Paul McGinley, Europe’s winning captain in 2014, met the current captain Padraig Harrington on that night two weeks ago at Queenwood Golf Club west of London. They had an early dinner then returned to McGinley’s home at Sunningdale to watch the women’s singles final at the U.S. Open tennis championship, which pitted England’s Emma Raducanu against Canada’s Leylah Fernandez.

The two couples were on the couch drinking tea and watching when Raducanu netted a first serve. As the ball rolled back toward her, Raducanu scooped it up and used it for her second serve.

“That’s interesting,” Harrington said, eyes glued to the screen. “She’s not OCD.”
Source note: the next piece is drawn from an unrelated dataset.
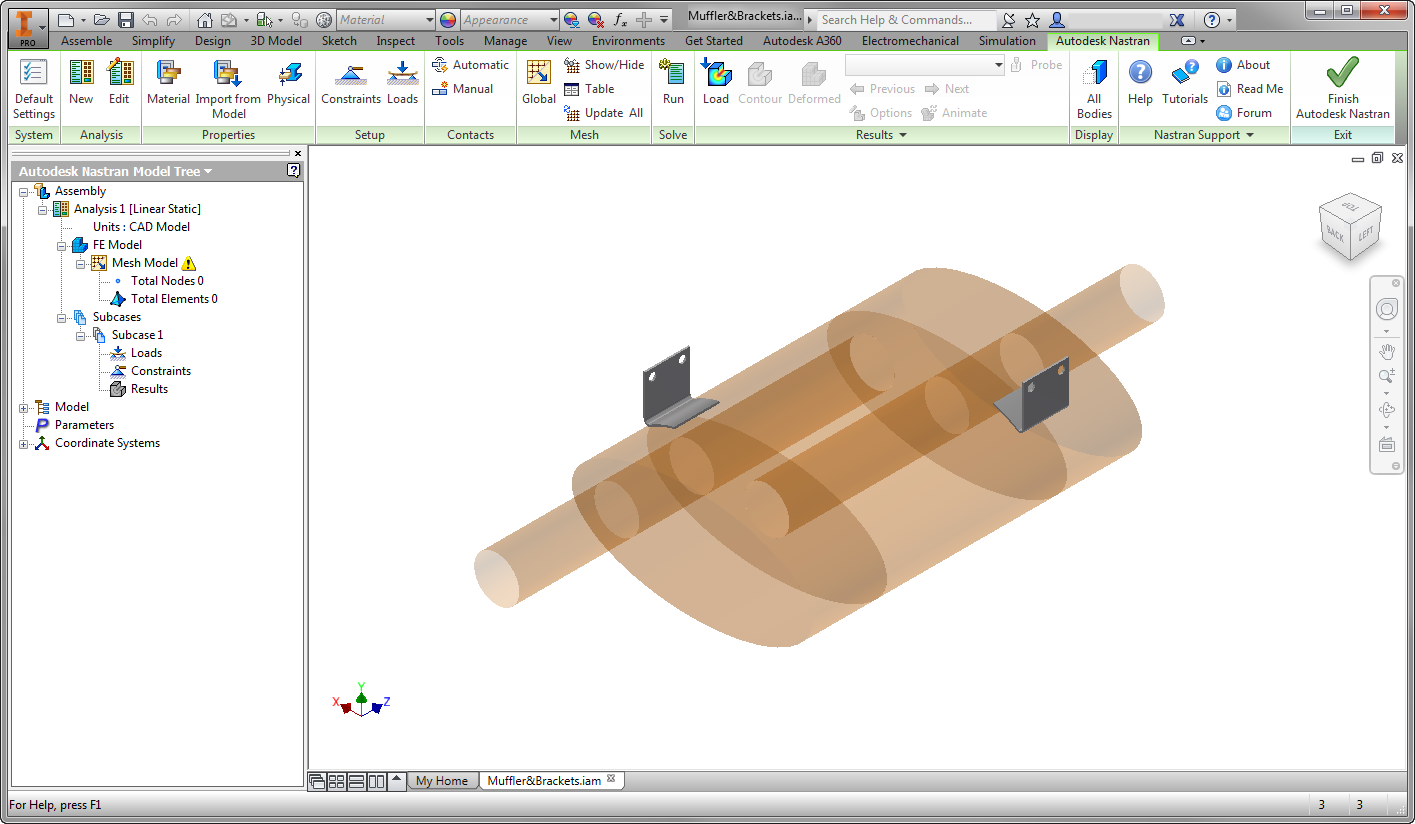 We'll use an Offset Bond contact between the brackets and the muffler shell to ensure that parts that don't touch are bonded together.

The McGinleys — Paul and his wife, Ali — and Caroline Harrington looked at him quizzically. Padraig pointed to how Raducanu used the same ball for both serves and suggested an OCD player would have gone to a fresh ball. Caroline Harrington decided to play devil’s advocate.

“Perhaps she is OCD and that’s why she used the same ball,” she said.

“No,” her husband replied. “That’s the third time she’s hit a first serve into the net but the two previous times she then used a different ball for the second serve.”

McGinley recounted the story Wednesday at Whistling Straits during a conversation about his old pal’s famous tendency to obsessively scrutinize the most minor details. Two weeks on, he was still laughing and shaking his head at the moment.

“That’s what he’s like,” McGinley said. “That’s Padraig.”